How to complete this task: Your job is to give again, exactly and with no additions, the lines in the records below from the one with "增速的放缓在消费升级与政策红" through the one with "Y2K navy one", both included. Omit the pictures.

Input records:
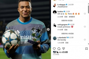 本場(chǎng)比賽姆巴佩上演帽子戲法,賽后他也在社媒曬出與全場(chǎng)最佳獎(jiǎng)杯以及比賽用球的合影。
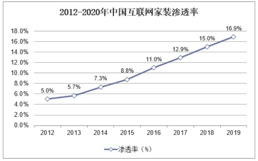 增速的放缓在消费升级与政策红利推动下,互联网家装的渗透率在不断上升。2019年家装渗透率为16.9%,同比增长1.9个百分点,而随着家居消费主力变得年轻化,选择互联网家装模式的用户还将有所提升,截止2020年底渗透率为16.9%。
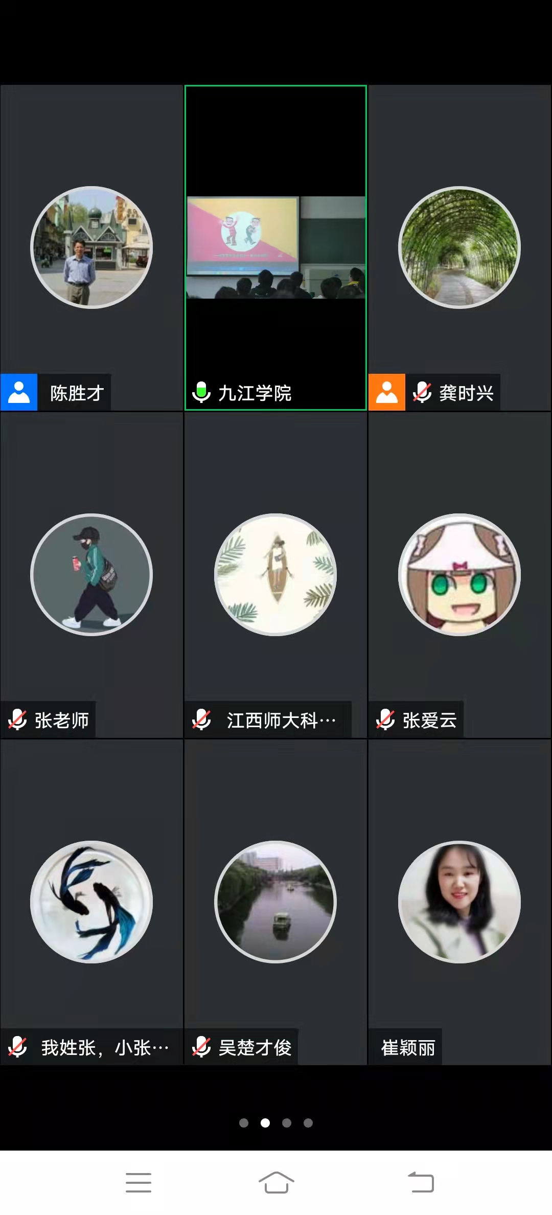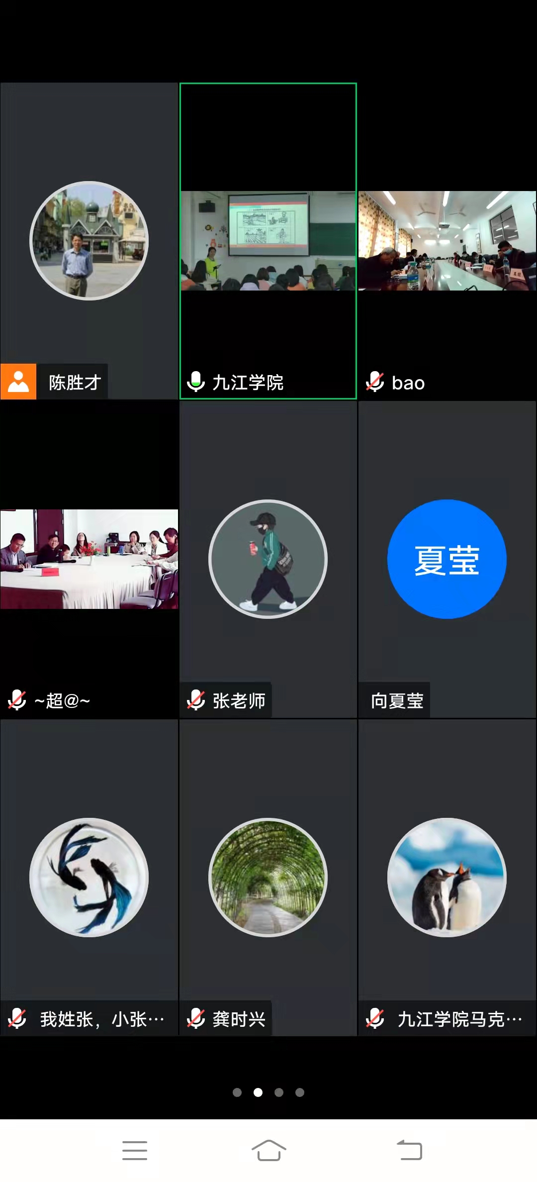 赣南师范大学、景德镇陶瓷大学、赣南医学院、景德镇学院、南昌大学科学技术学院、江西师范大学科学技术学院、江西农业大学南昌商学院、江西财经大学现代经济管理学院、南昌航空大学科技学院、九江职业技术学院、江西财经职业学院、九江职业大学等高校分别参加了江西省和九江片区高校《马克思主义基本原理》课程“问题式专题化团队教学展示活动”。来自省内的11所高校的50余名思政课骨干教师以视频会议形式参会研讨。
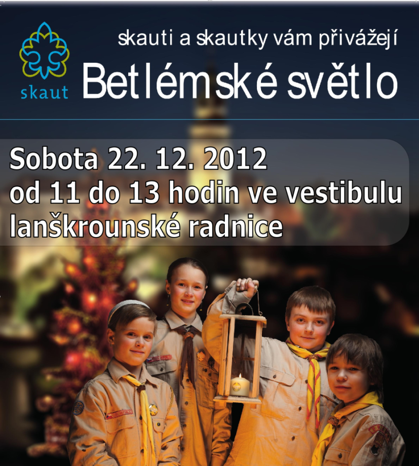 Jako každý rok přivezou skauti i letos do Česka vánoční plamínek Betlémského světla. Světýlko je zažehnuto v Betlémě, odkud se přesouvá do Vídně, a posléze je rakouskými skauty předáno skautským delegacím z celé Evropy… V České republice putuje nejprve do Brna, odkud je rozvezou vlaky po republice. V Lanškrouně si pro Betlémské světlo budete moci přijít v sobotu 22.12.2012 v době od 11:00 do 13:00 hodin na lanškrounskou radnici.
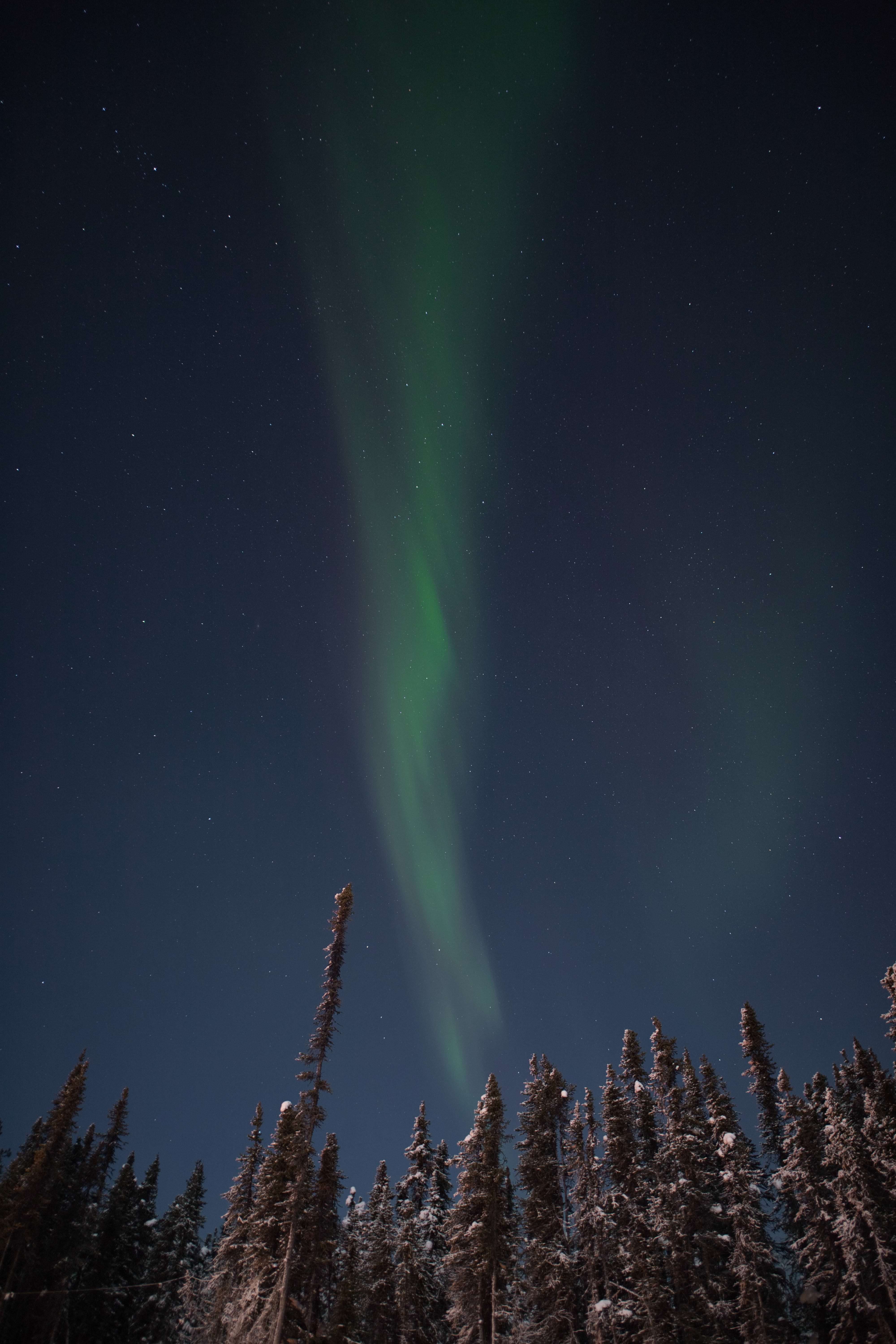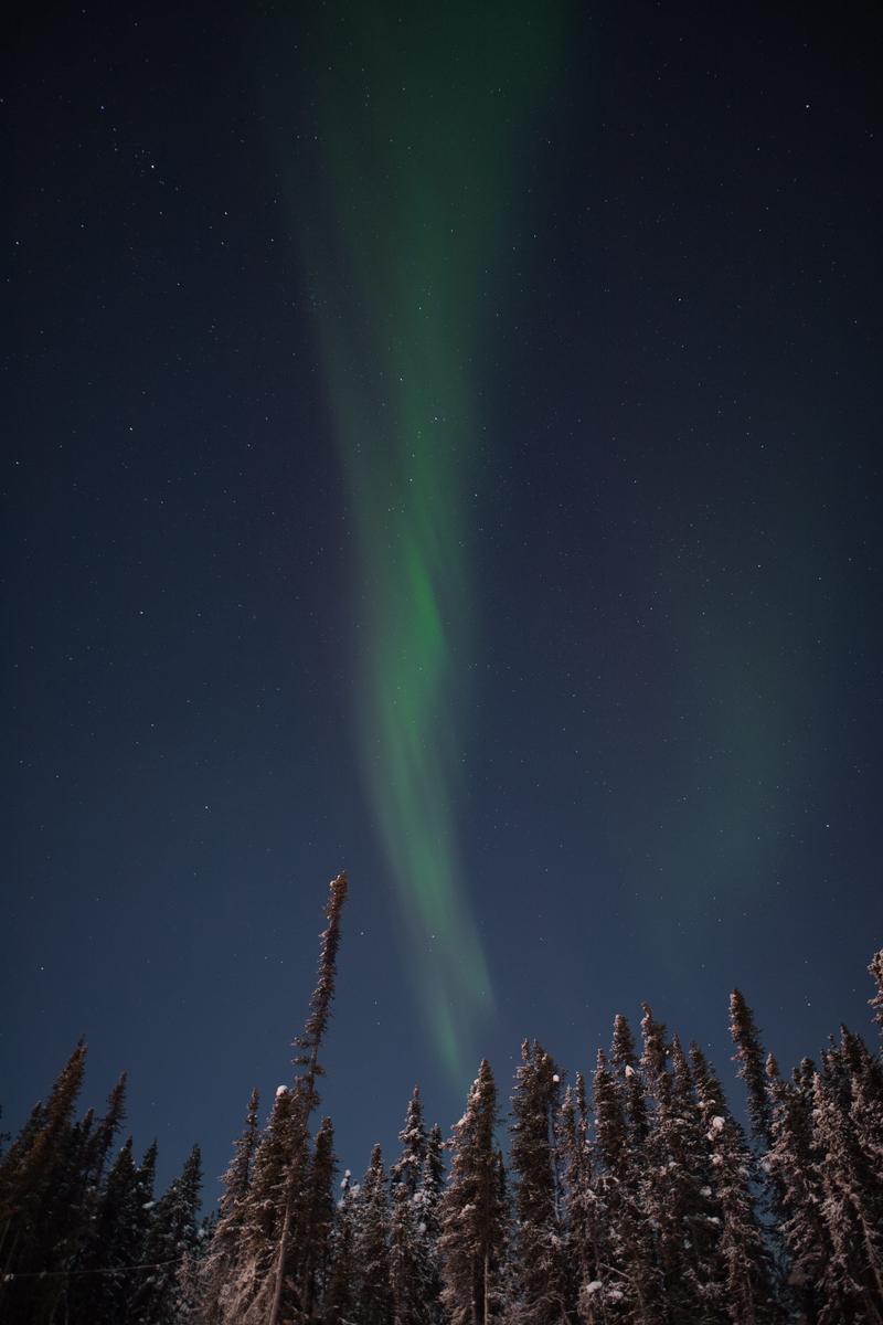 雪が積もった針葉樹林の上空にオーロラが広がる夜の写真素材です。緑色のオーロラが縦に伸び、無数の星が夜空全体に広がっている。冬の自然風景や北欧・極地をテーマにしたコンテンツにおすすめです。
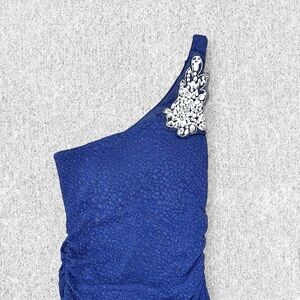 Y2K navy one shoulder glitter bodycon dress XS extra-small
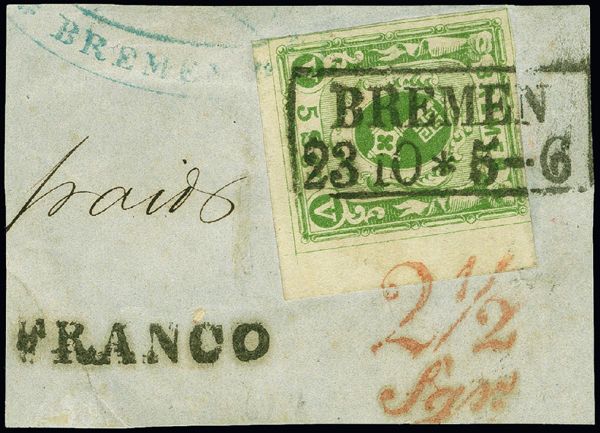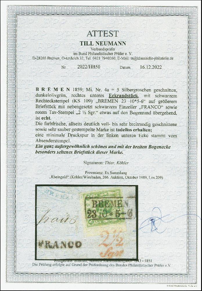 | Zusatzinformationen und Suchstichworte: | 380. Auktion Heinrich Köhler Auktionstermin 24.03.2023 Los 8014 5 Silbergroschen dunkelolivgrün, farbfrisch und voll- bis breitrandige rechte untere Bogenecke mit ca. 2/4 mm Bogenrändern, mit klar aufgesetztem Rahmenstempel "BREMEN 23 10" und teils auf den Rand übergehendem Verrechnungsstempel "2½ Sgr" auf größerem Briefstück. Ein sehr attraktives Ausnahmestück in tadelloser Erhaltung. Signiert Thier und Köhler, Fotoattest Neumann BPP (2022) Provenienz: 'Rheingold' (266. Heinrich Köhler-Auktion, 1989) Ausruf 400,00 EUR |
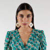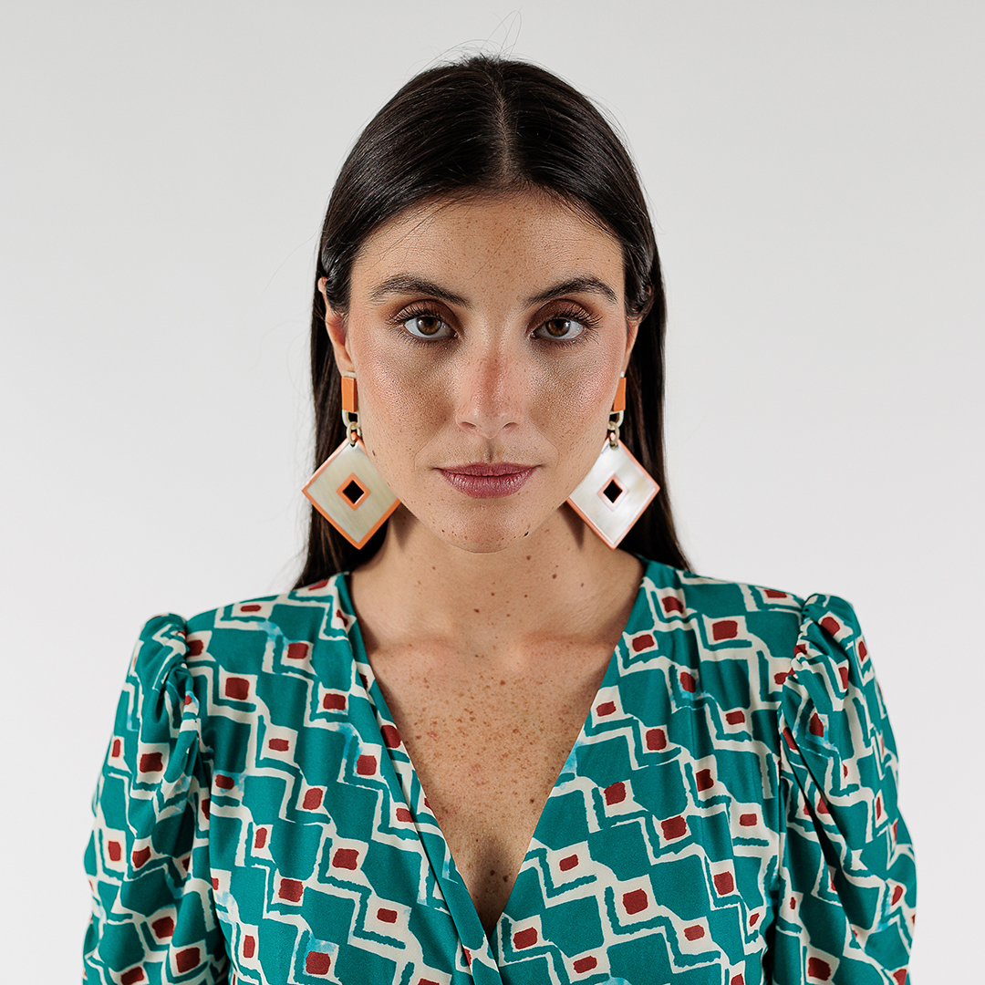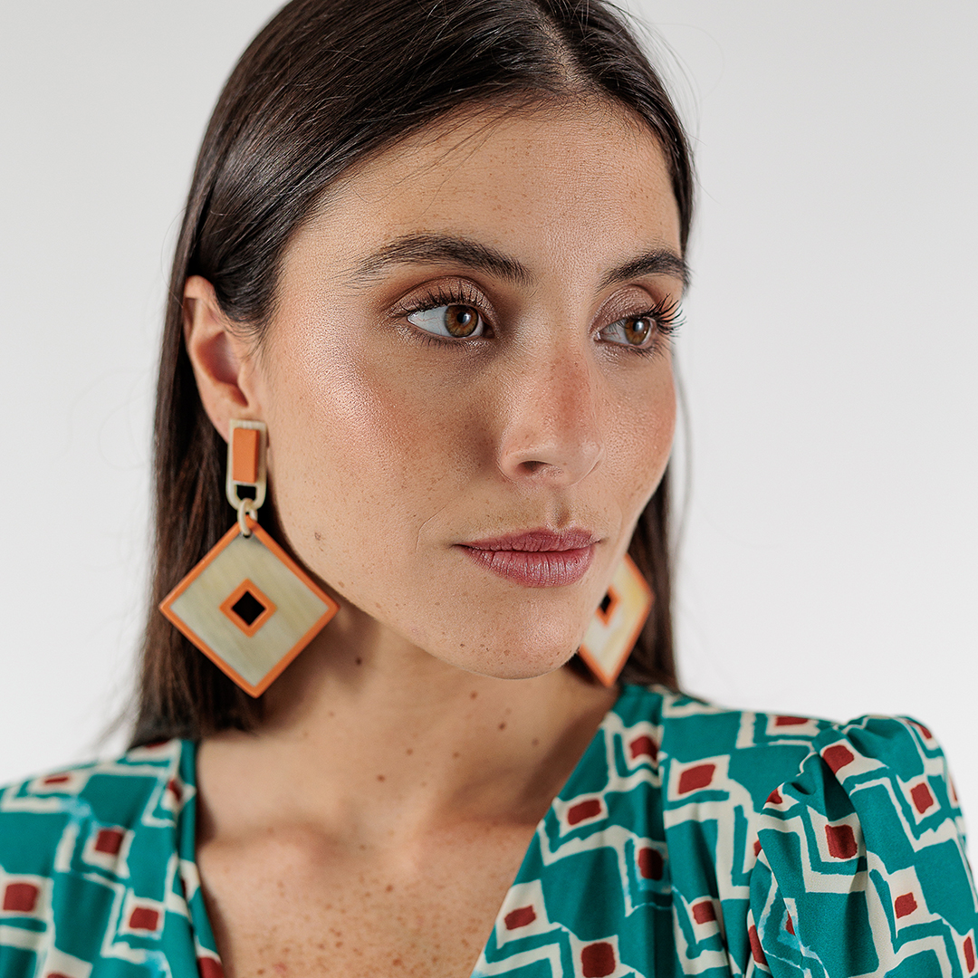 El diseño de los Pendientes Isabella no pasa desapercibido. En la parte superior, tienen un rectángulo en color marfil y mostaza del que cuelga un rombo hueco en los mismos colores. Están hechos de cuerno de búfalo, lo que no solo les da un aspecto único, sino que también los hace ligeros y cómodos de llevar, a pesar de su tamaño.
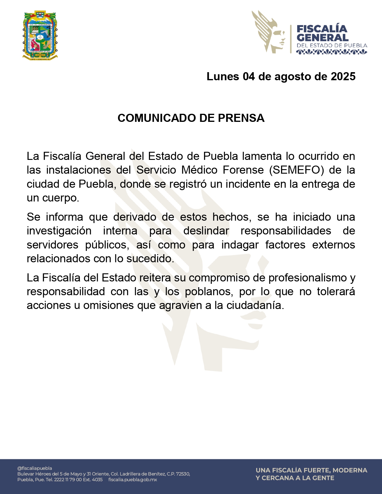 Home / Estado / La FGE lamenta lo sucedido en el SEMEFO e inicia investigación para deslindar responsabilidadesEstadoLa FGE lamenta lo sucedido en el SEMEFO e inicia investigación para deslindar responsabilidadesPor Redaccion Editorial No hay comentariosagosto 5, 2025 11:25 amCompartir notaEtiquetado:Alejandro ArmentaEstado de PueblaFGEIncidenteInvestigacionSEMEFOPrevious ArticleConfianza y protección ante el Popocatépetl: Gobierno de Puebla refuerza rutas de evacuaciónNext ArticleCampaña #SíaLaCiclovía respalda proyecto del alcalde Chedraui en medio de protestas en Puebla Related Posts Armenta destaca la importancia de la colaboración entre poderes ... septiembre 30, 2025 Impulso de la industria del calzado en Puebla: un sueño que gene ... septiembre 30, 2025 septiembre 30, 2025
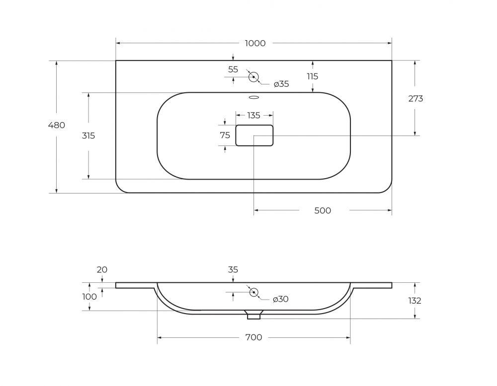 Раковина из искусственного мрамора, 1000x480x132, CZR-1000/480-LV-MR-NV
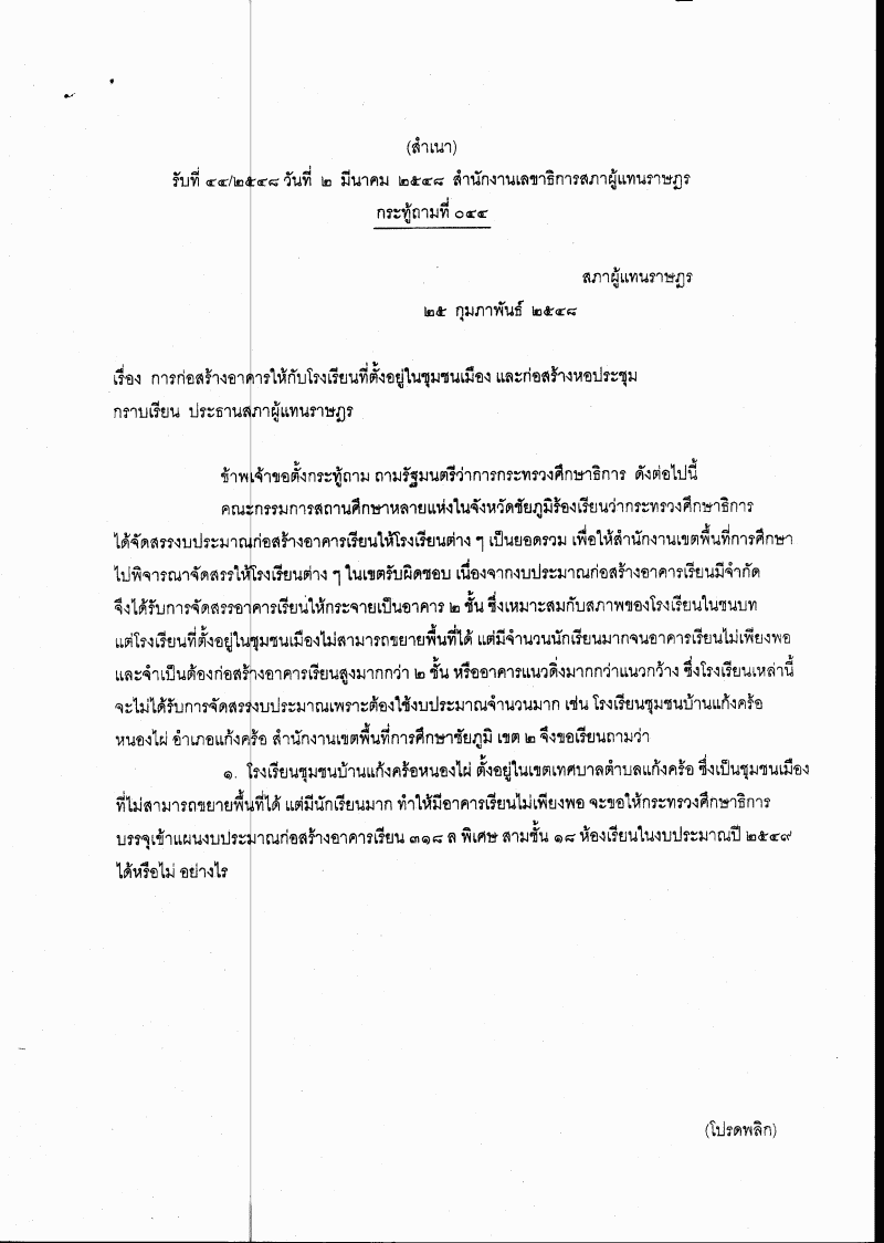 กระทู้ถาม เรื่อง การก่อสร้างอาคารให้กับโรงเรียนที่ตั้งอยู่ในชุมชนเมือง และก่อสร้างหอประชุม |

Response for this exercise:
 增速的放缓在消费升级与政策红利推动下,互联网家装的渗透率在不断上升。2019年家装渗透率为16.9%,同比增长1.9个百分点,而随着家居消费主力变得年轻化,选择互联网家装模式的用户还将有所提升,截止2020年底渗透率为16.9%。
 赣南师范大学、景德镇陶瓷大学、赣南医学院、景德镇学院、南昌大学科学技术学院、江西师范大学科学技术学院、江西农业大学南昌商学院、江西财经大学现代经济管理学院、南昌航空大学科技学院、九江职业技术学院、江西财经职业学院、九江职业大学等高校分别参加了江西省和九江片区高校《马克思主义基本原理》课程“问题式专题化团队教学展示活动”。来自省内的11所高校的50余名思政课骨干教师以视频会议形式参会研讨。
 Jako každý rok přivezou skauti i letos do Česka vánoční plamínek Betlémského světla. Světýlko je zažehnuto v Betlémě, odkud se přesouvá do Vídně, a posléze je rakouskými skauty předáno skautským delegacím z celé Evropy… V České republice putuje nejprve do Brna, odkud je rozvezou vlaky po republice. V Lanškrouně si pro Betlémské světlo budete moci přijít v sobotu 22.12.2012 v době od 11:00 do 13:00 hodin na lanškrounskou radnici.
 雪が積もった針葉樹林の上空にオーロラが広がる夜の写真素材です。緑色のオーロラが縦に伸び、無数の星が夜空全体に広がっている。冬の自然風景や北欧・極地をテーマにしたコンテンツにおすすめです。
 Y2K navy one shoulder glitter bodycon dress XS extra-small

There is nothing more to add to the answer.